**WHAT THE TASK REQUIRES**:
Only the lines from the one containing "Как же хорошо" through the last line of the material should be copied, exactly as written and without pictures.
[[ INFORMATION, beginning ]]
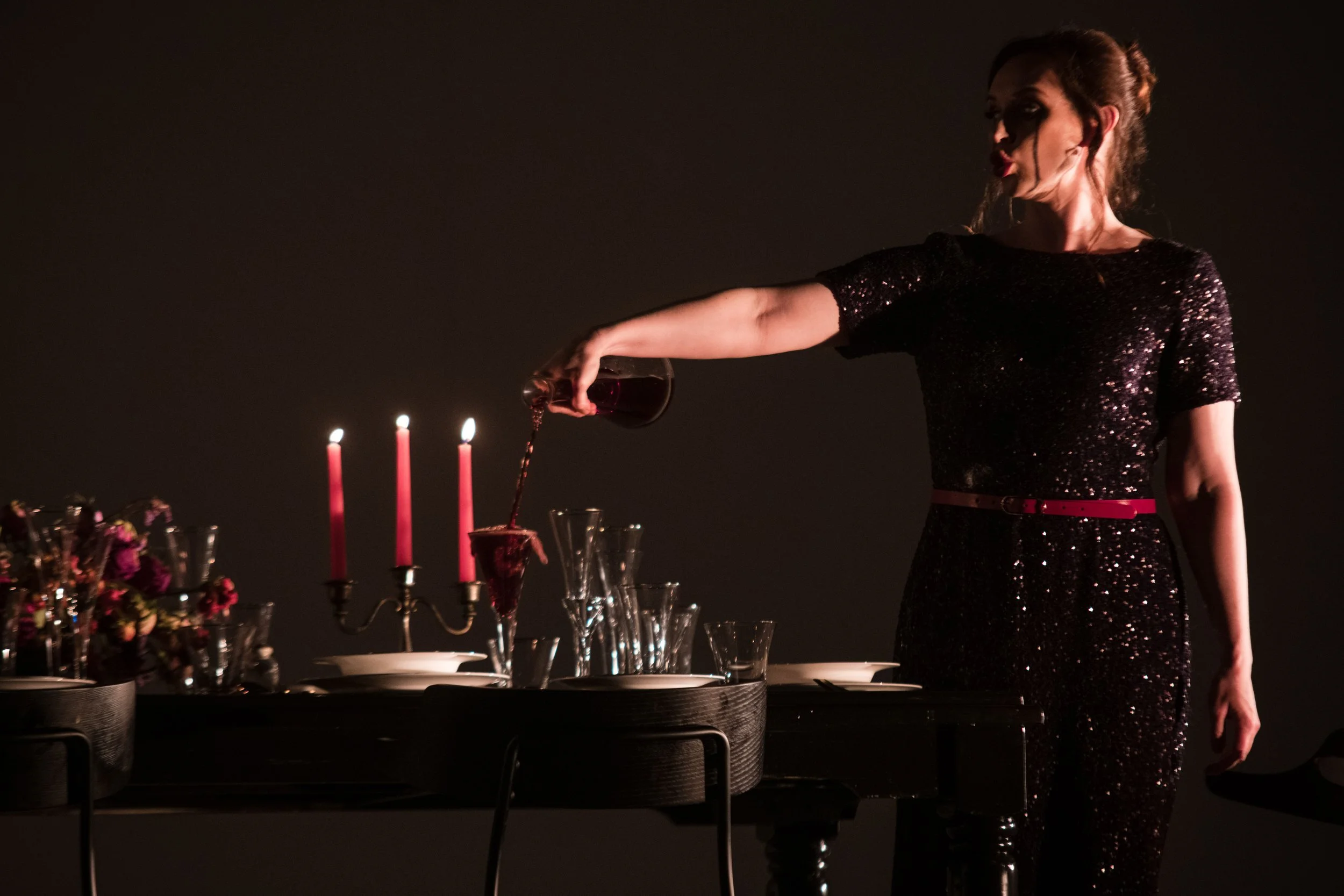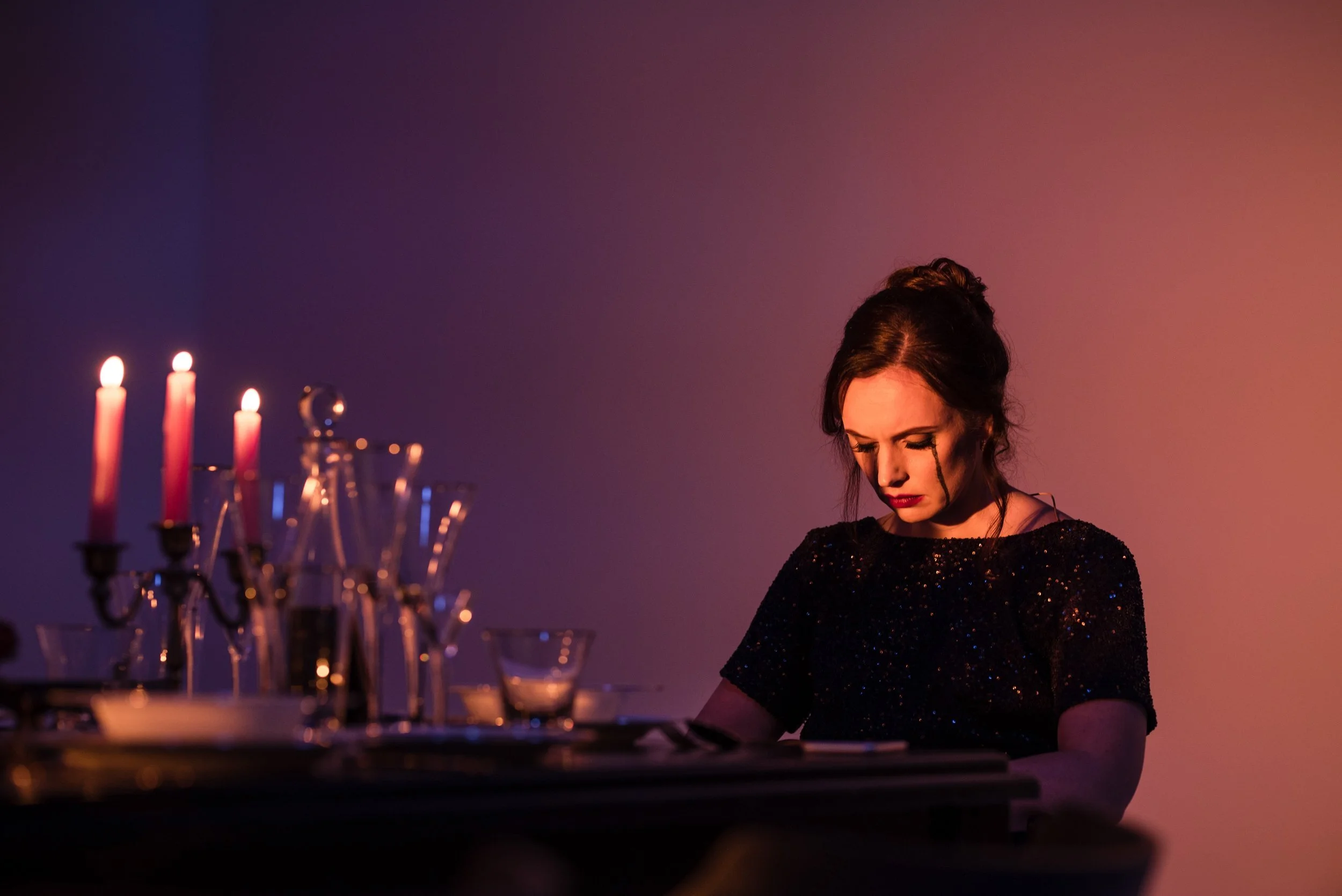 The Human Voice is performed first and presented the audience with a more traditional opera experience. There is a woman in a very fancy dress, sitting at a very fancy dinner table, and she sings very fancily. This is not to minimise the quality of the costume or set design nor that of Alexandra Flood’s performance as Elle; all three are splendid. I enter the Concert Hall and Elle is waiting for us onstage. She sits at a fully set dinner table and stares blankly, longingly, harrowingly at her phone.
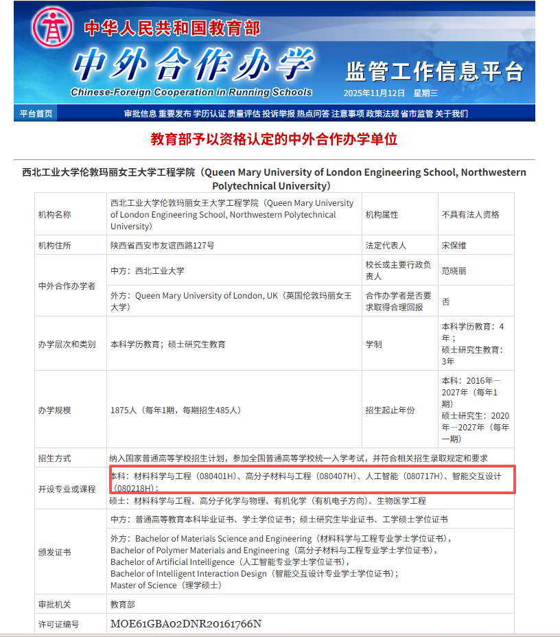 近日,西北工业大学伦敦玛丽女王大学工程学院(以下简称“学院”)增设“人工智能”(080717H)、“智能交互设计”(080218H)两个本科专业正式获得教育部批复同意。这是学院贯彻落实学校第十四次党代会精神,紧密围绕学校“127”目标和“一十百千”中期目标,在中外合作办学领域取得的一项重要进展。新专业的获批,标志着学校在深化教育对外开放、优化学科专业结构方面取得新的突破。
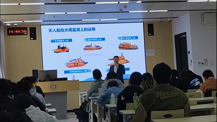 赵宏斌先生以《水质监测实用技术》为题,基于应用角度向同学们介绍了水质监测的基本原理和流程,包括水质监测各个环节,包括采样、分析、数据处理等,让同学们对现场水质监测有了更加全面认识;结合自己在水质野外监测的丰富经验,分享了无人船、水质自动监测站、浮标监测系统等在水质监测、水域巡查等领域的应用前景,并对河湖环境监测解决方案和成功案例等情况做了详细介绍。赵宏斌先生的精彩分享,不仅让同学们学到了实用知识和技术,还激发他们关注环保、投身环保的热情,从理论到实践,再到创新实用技术,助力同学们把论文写在祖国大地上!
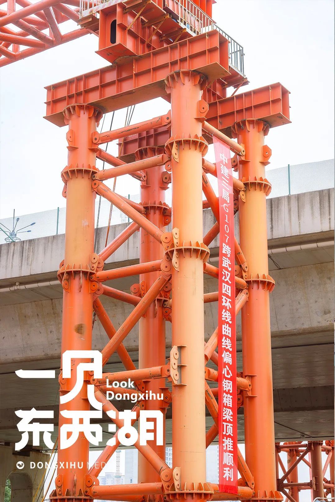 主线跨四环线钢箱梁是G107项目全线唯一一个采用顶推法施工的部位,标志着项目重难点控制性工程取得重大进展。
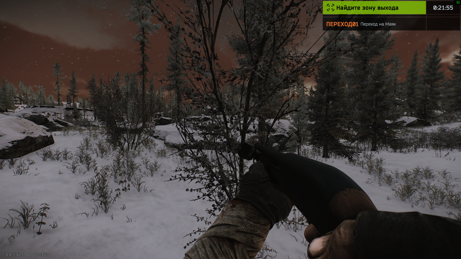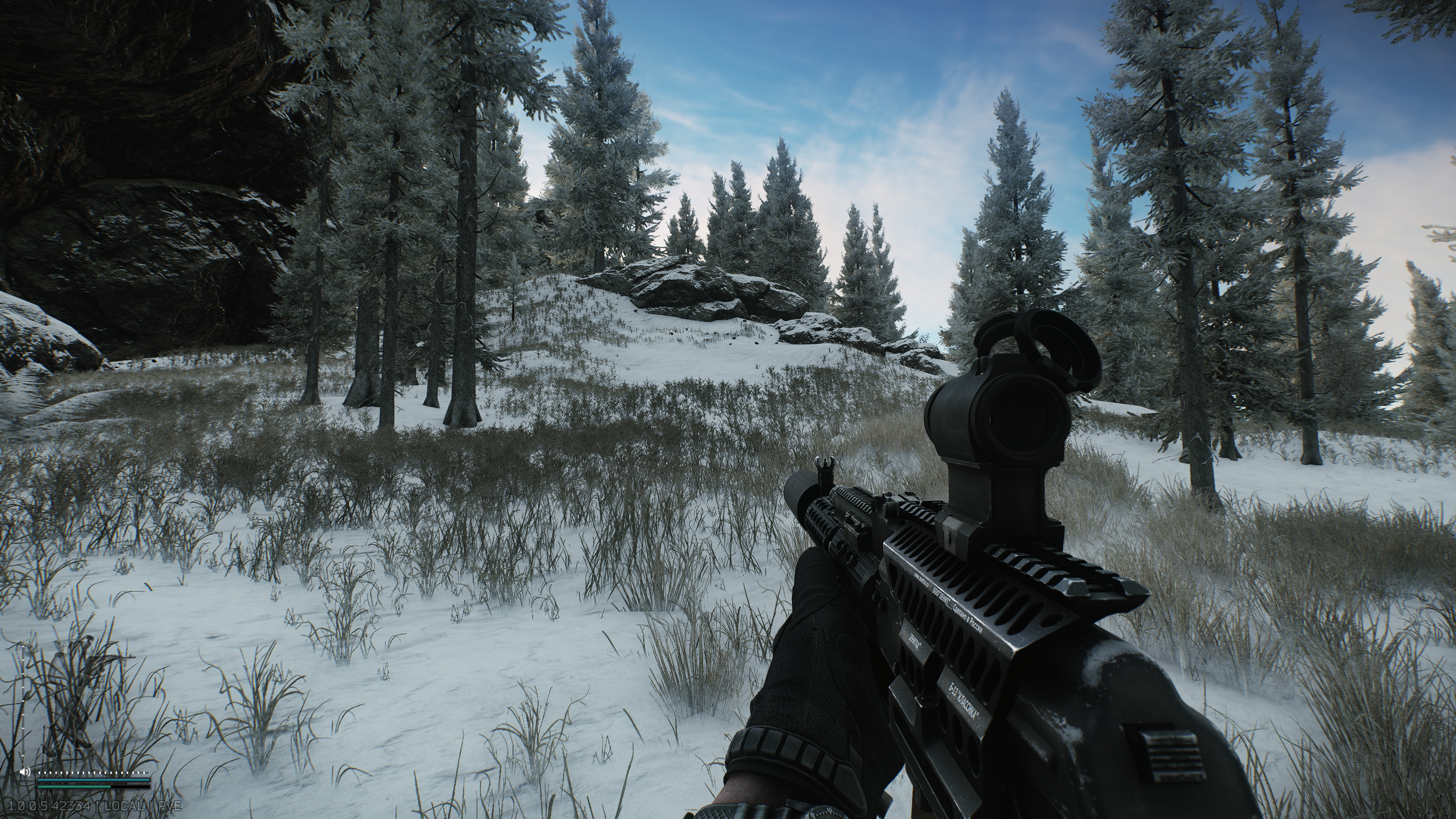 Как же хорошо со снегом. Видно лучше. Но всё одно, листва не опала и при должной маскировке можно так же сидеть в кустах. Кстати вместо хруста какое-то шорканье будто снег лежит при минус 30, а водоёмы не замёрзли... должен быть ХРУСТ.
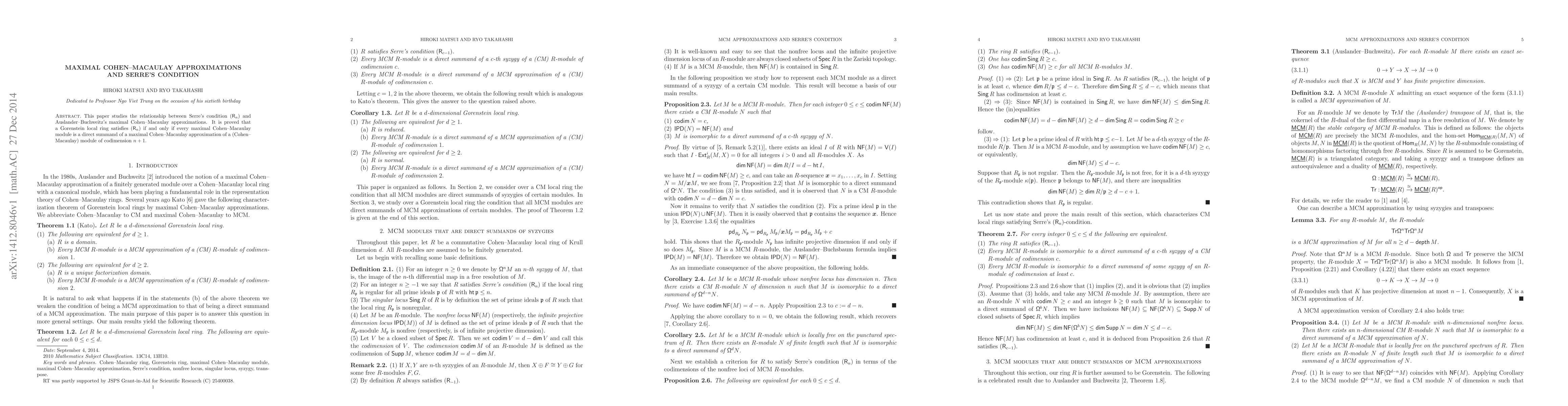 This paper establishes a connection between Serre's condition $(\R_n)$ and maximal Cohen-Macaulay approximations, proving that a Gorenstein local ring meets $(\R_n)$ if every maximal Cohen-Macaulay module is part of a maximal Cohen-Macaulay approximation for a module of codimension $n+1$.
[[ INFORMATION, end ]]
**TASK ANSWER**:
 Как же хорошо со снегом. Видно лучше. Но всё одно, листва не опала и при должной маскировке можно так же сидеть в кустах. Кстати вместо хруста какое-то шорканье будто снег лежит при минус 30, а водоёмы не замёрзли... должен быть ХРУСТ.
 This paper establishes a connection between Serre's condition $(\R_n)$ and maximal Cohen-Macaulay approximations, proving that a Gorenstein local ring meets $(\R_n)$ if every maximal Cohen-Macaulay module is part of a maximal Cohen-Macaulay approximation for a module of codimension $n+1$.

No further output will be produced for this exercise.